What needs to be done: If pictures appear in the lines below, skip them and copy exactly the lines from the one containing "管道下方出口破拆痕迹明显。华龙网记者罗盛杰摄" through the one containing "Boligen imponerer med", and nothing else.

Materials provided:
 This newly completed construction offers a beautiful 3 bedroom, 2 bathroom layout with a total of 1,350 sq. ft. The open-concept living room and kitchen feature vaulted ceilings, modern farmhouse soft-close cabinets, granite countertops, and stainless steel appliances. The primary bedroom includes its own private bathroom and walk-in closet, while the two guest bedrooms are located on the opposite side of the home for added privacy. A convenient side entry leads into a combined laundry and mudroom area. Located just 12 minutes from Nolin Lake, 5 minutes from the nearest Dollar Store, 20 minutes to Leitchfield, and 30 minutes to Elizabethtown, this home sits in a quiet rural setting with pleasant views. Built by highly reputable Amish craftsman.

---

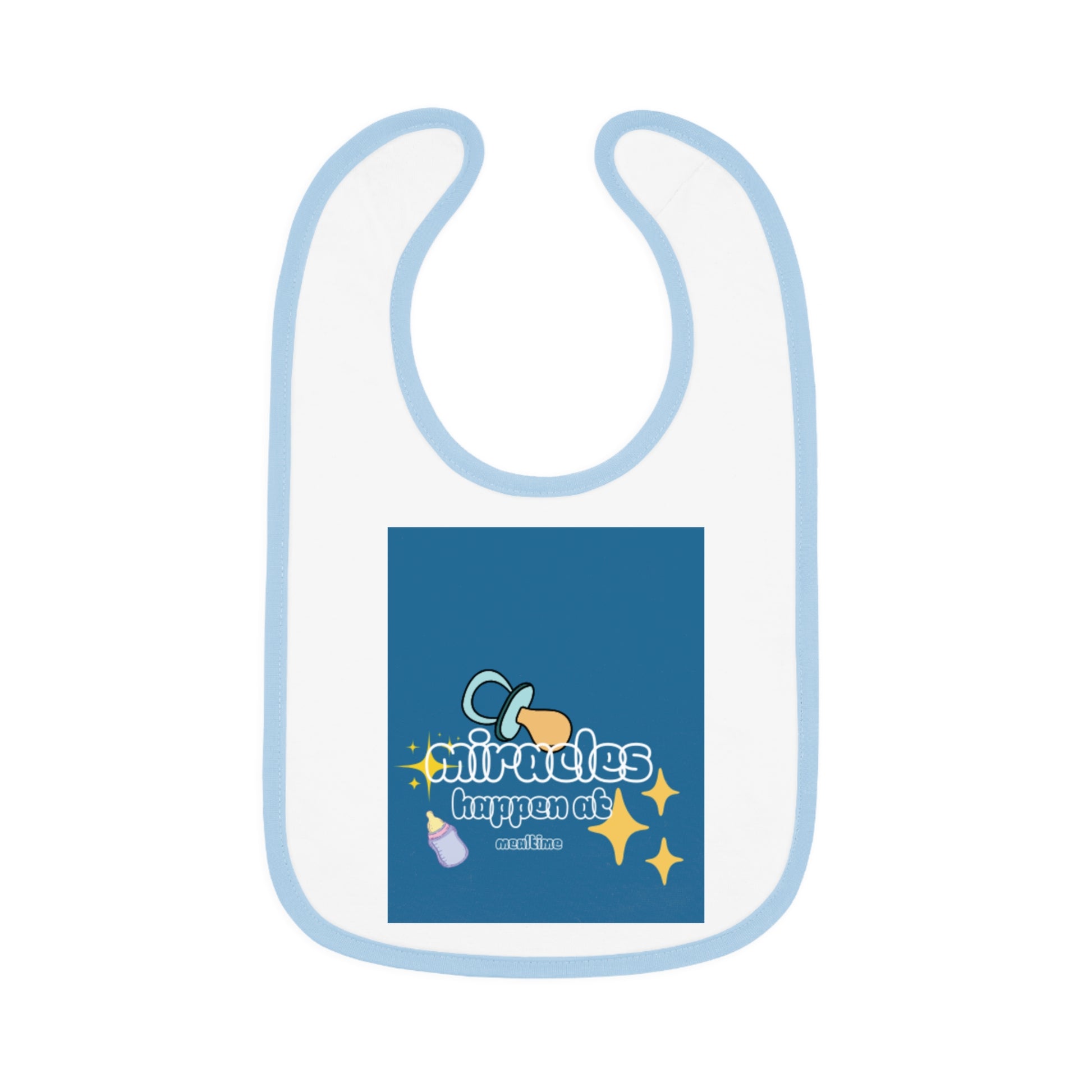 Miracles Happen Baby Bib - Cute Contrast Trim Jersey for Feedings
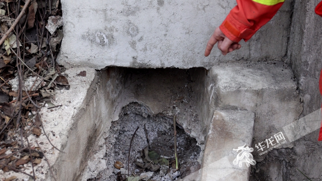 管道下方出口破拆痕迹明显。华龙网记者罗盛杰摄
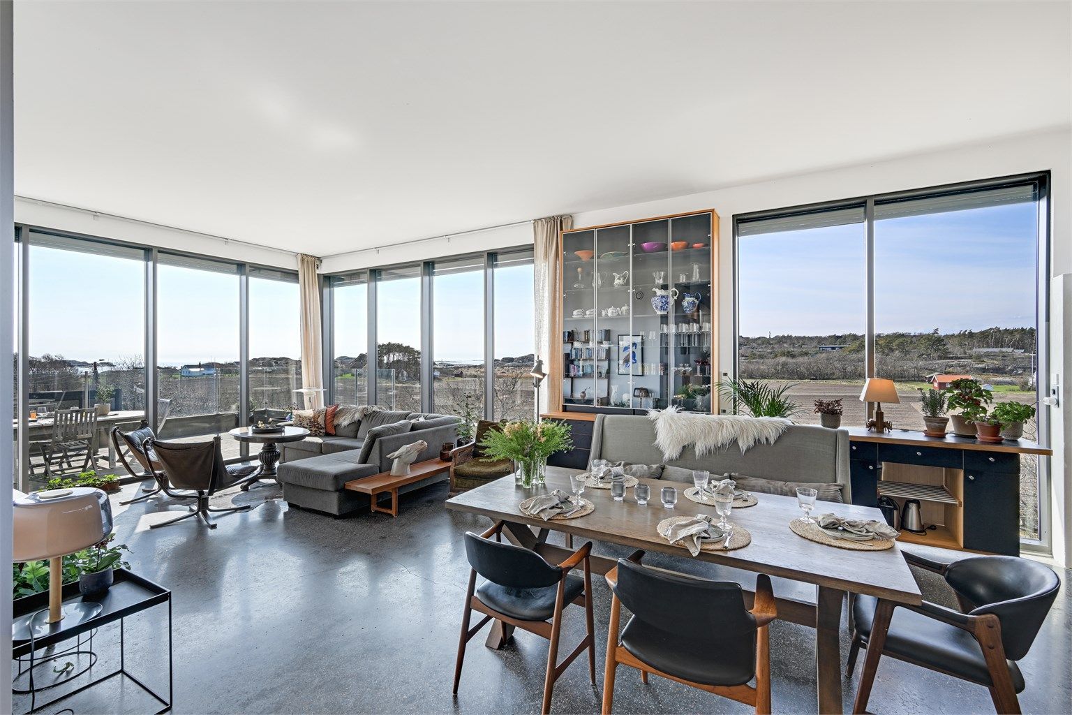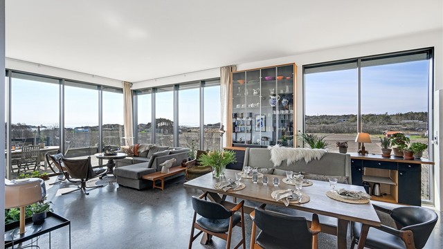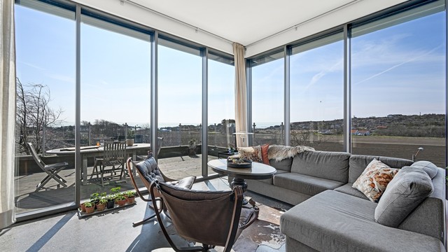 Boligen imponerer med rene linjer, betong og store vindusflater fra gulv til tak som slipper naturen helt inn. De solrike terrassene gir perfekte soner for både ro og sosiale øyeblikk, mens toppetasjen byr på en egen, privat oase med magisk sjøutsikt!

Response to the task:
 管道下方出口破拆痕迹明显。华龙网记者罗盛杰摄
 Boligen imponerer med rene linjer, betong og store vindusflater fra gulv til tak som slipper naturen helt inn. De solrike terrassene gir perfekte soner for både ro og sosiale øyeblikk, mens toppetasjen byr på en egen, privat oase med magisk sjøutsikt!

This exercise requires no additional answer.